Ma io non voglio procedere più oltre in questo parlare, e massime che noi siamo già a casa. Poserenci qui in camera terrena e, mentre s'ordinerà da cena, tu seguiterai il tuo parlare.
ANTONIO: Io lasciai che Carlo della Noy, viceré di Napoli, per fermare meglio lo accordo col Papa era venuto in Roma. E di quivi mandò Cesare Fieramosca in campo a monsignor di Borbone, che era vicino a poche miglia a Bologna, a significarli che aveva fatto composizione col Papa e che li mandava ducati sessantacinquemila tra del Papa, Fiorentini e suoi, perché li distribuissi all'essercito e lo ritirassi verso la Lombardia.

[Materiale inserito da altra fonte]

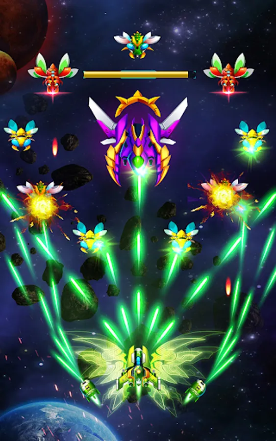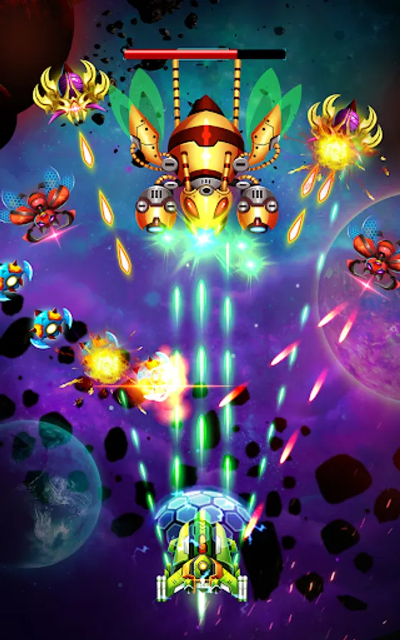 - Constant updates with tons of new updates to your spaceships and supporters in this alien shooter game.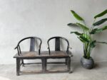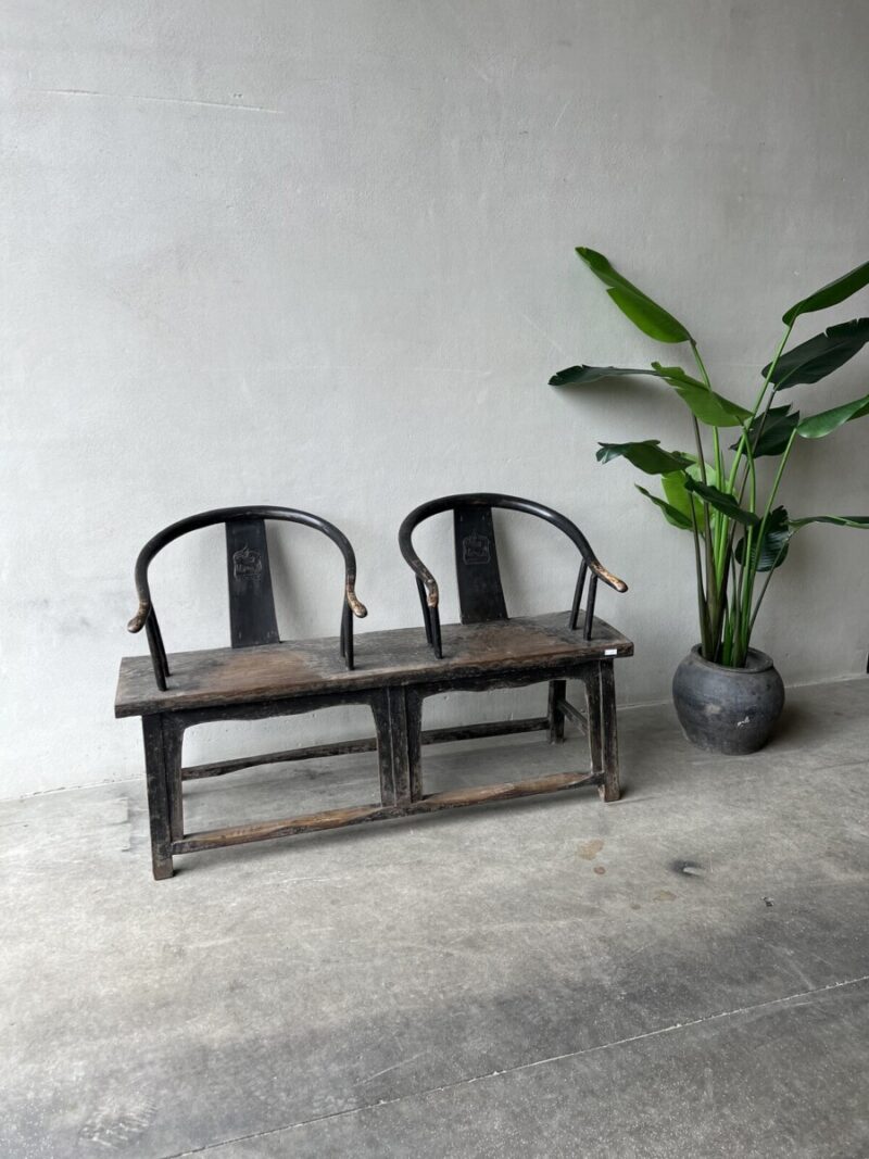 Antieke Chinese bruisstoelbank. Met bijzondere hout gesneden ornamenten en een verweerde donkere patina.

Borbone gli parve strano aver a ritirare lo essercito nel ducato di Milano, del quale pensava avere a essere duca, e li pareva, mentre vi stava questo essercito, che guastassi la città et il paese, et esserne signore in nome, ma in fatto patroni ne fussino li soldati. E pensò d'ingannare il Papa et il Viceré e, sotto questo accordo, procedere avanti e trovare il Papa sprovisto di gente e di danari e che, avendo fatto l'accordo, non avessi più modo a riunirsi con la Lega. E suburnati certi capitani che dicessino a Cesare che non volevano star contenti a sì pochi danari, lui, da parte, gli disse che facessi intendere al Viceré che l'accordo gli piaceva, e che era non solo utile per lo Imperatore, ma necessario, ma che le fanterie erono bestiali e che bisognavono più danari, accennando di ducati dugentomila; e, quando questi si provedessono, credeva che lo essercito starebbe paziente, ma che il Viceré non si maravigliassi se intanto lui procedeva, perché lo faceva per monstrare alle fanterie di fare tutto quello poteva a loro benefizio.